Кассир вокзальной кассы, оказывается, запомнил меня.

— Так куда же вы теперь? — спросил он с ухмылкой.

— Билет первого класса до Санкт-Петербурга.

— Через Киев или через Варшаву?

— Чем скорее, тем лучше.

— Тогда извольте ехать через Варшаву...

В любом случае я желал вернуться на родину, идя навстречу опасности. Варшавский поезд отходил поздно вечером, весь день я бесцельно блуждал по Вене, утешая себя словами: «Хорошо быть русским, да нелегко...»

К отходу поезда на перроне толпилась публика, слышалась русская и польская речь, среди провожающих я снова заметил человека с ушами-калошами. Меня, не скрою, даже передернуло от брезгливого отвращения к его уродству.

— Вы, кажется, надзираете за мной? — спросил я.

— Не имею надобности, — ответил он. — Если бы я следил за вами, так вы бы никогда меня не заметили. Напротив, я желаю найти порядочного человека из русских, который бы проездом через Варшаву оказал мне крохотную услугу...

В печальных глазах его было что-то жалкое, но в то же время и трогательное, как у бездомной, не раз битой собаки. Он показал мне конверт без марки, и я успел прочитать варшавский адрес: улица Гожая, 35, для пани Желтковской.

— Поезд стоит в Варшаве сорок минут, — сказал венец, — а улица Гожая неподалеку от вокзала. Не могли бы вы...

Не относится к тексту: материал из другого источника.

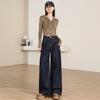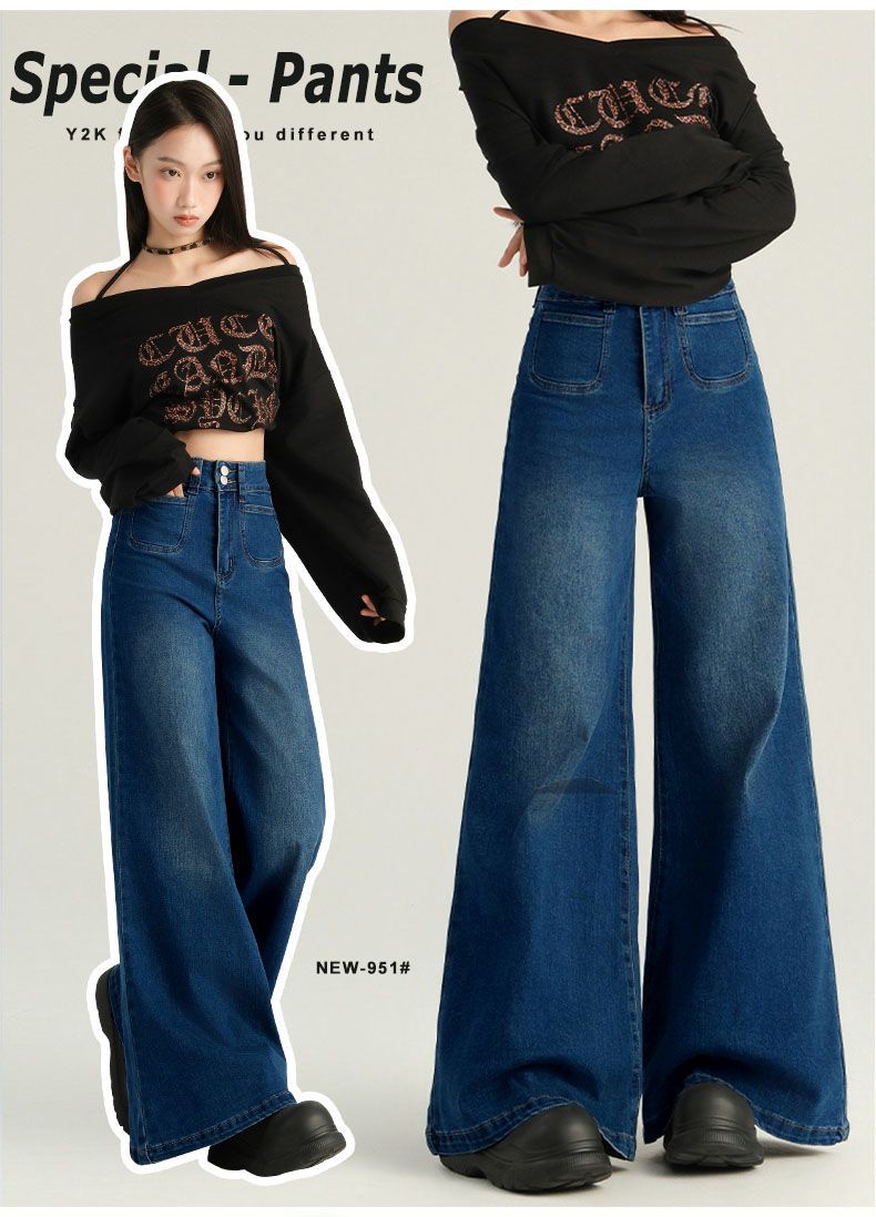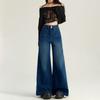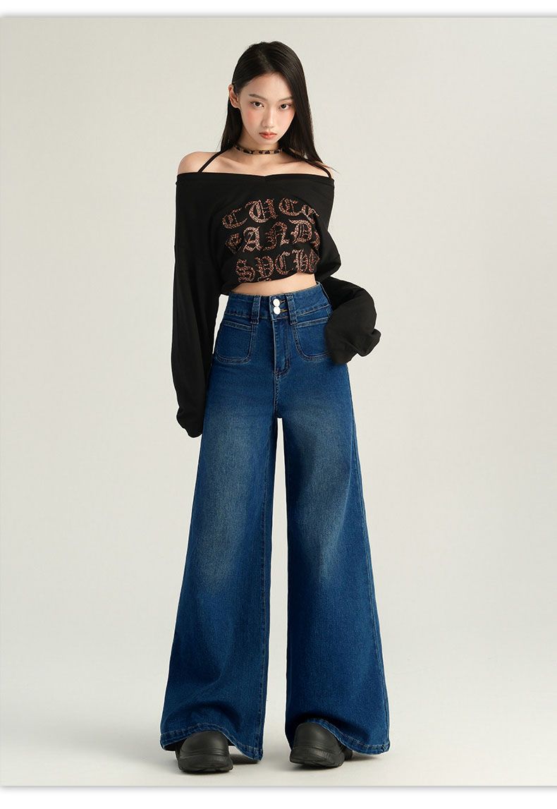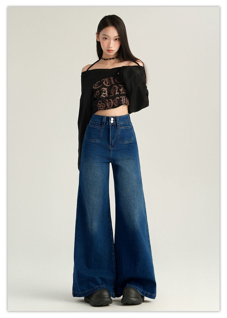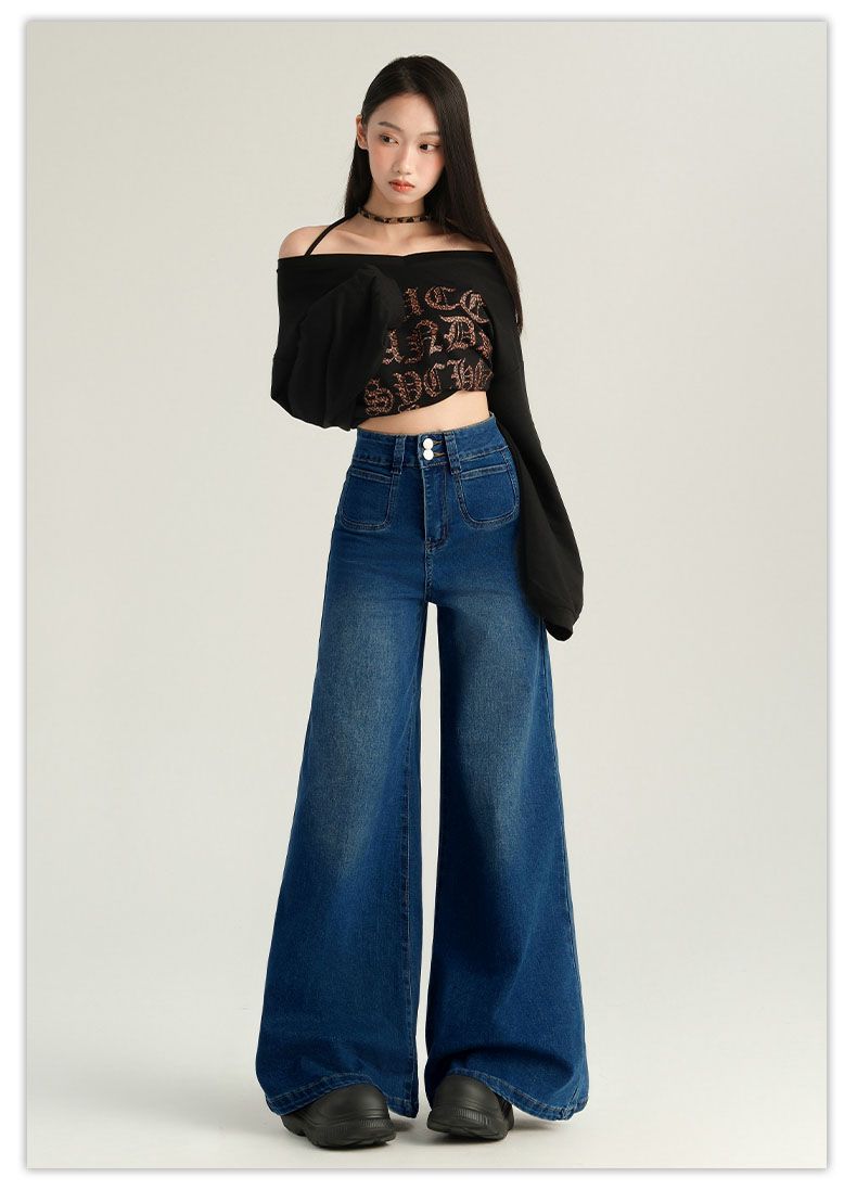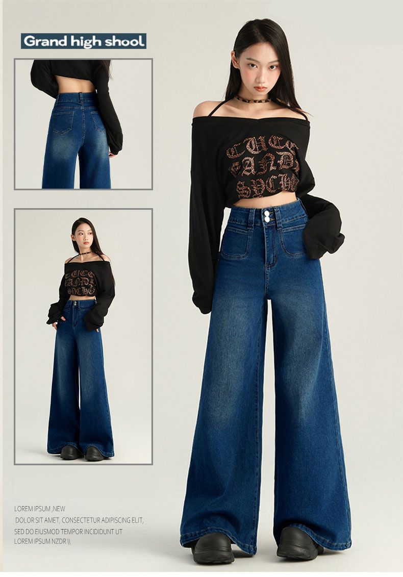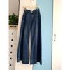 Pantalones Sueltos de Pierna Ancha con Dos Botones, Diseño Estilo Americano 2025, Jeans Altos y Ajustados, Elásticos para Mujer Azul Retro

— А почему вы, сударь, не доверяете почте? В глазах неопрятного старика мелькнули слезы:

— Вена очень дорогой город, где бедняку прожить трудно. У меня нет денег даже на почтовую марку, и потому я не раз пользовался услугами русских пассажиров. Все они так добры...

В этот момент мне стало жаль этого человека. В самом деле, виноват ли он, если природа наградила его такими ушами? [63]

— Хорошо, сударь, я ваше письмо доставлю...

Поезд в Варшаву пришел рано утром. Я быстро отыскал Гожую улицу и нашел дом № 35, нижний этаж которого украшали нарядные вывески — колбасной лавки и фотоателье. Но в подъезде этого дома меня неожиданно встретил вежливый господин.

— Пардон, — сказал он, приподняв над головой котелок. — Вы случайно не ищите ли квартиру пани Желтковской?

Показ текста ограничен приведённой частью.